Algemene hersenconditie en opleidingsniveau bepalen mee impact
Cognitieve stoornissen na beroerte vragen om zorg op maat
Lang werd aangenomen dat de plek in de hersenen die door de beroerte werd getroffen, bepalend was voor de klachten. Maar nieuw onderzoek onder leiding van KU Leuven toont aan dat die locatie lang niet alles verklaart. Ook algemene hersengezondheid en het opleidingsniveau van de patiënt spelen een belangrijke rol.
Moeite met spreken, concentreren of dingen onthouden zijn vaak voorkomende verschijnselen na een beroerte. Maar de impact verschilt heel sterk van patiënt tot patiënt. Lang werd aangenomen dat de plek in de hersenen die door de beroerte werd getroffen, bepalend was voor de klachten.
Nieuw onderzoek onder leiding van KU Leuven toont aan dat die locatie lang niet alles verklaart. Ook algemene hersengezondheid en het opleidingsniveau van de patiënt spelen een belangrijke rol. De resultaten werden zopas gepubliceerd in Imaging Neuroscience.
Geen twee patiënten zijn hetzelfde
De onderzoekers analyseerden gegevens van 2.172 patiënten uit België, Italië en het Verenigd Koninkrijk. Ze werden allen getest met de Oxford Cognitive Screen, een gestandaardiseerde test die taalvermogen, geheugen, aandacht, rekenvaardigheid en andere hersenfuncties in kaart brengt.

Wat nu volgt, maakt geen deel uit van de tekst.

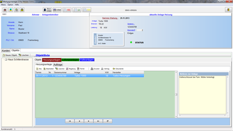 Durch die selbsterklärenden Programmfunktionen wie auch die Such- und Sortiermöglichkeiten, sind Kunden und die entsprechende Heizungsanlage schnell gefunden. Umfangreiche Listen wie Wartungstermine, Anlagenprotokolle, Wartungsnachweise und Reparaturaufträge stehen zur Verfügung. Zu den Aufträgen können auch die Abgasmesswerte hinterlegt werden. Mit einer übersichtlichen Bedienung und praxisorientierten Dokumentation von Anlagendaten wie Pumpen, Düsen, Einstellungen usw. ist der „Wartungsmanager Pro“ eine Hilfe bei der präzisen und schnellen Planung von Wartungen oder Reparaturen. Das Verwalten von Raumluft Technischen Anlagen ist in dieser Version mit enthalten.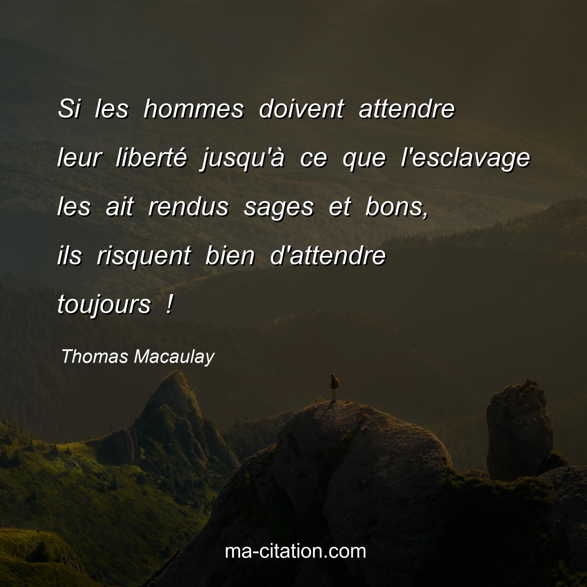 Citation sur la vie de Thomas Macaulay :Si les hommes doivent attendre leur liberté jusqu'à ce que l'esclavage les ait rendus sages et bons, ils risquent bien d'attendre toujours !

Het ging om patiënten met verschillende types beroertes: zowel ischemisch (een bloedklonter) als een hersenbloeding. De patiënten hadden uiteenlopende leeftijden (want beroerte treft zowel jonge als oudere mensen), opleidingsniveaus en gezondheidsprofielen.
"Na een beroerte blijven veel mensen kampen met cognitieve klachten, maar geen twee patiënten zijn gelijk. In ons onderzoek hebben we gezocht naar patronen, en ontdekten we dat we de klachten van patiënten konden clusteren in 13 profielen met gelijkaardige klachten."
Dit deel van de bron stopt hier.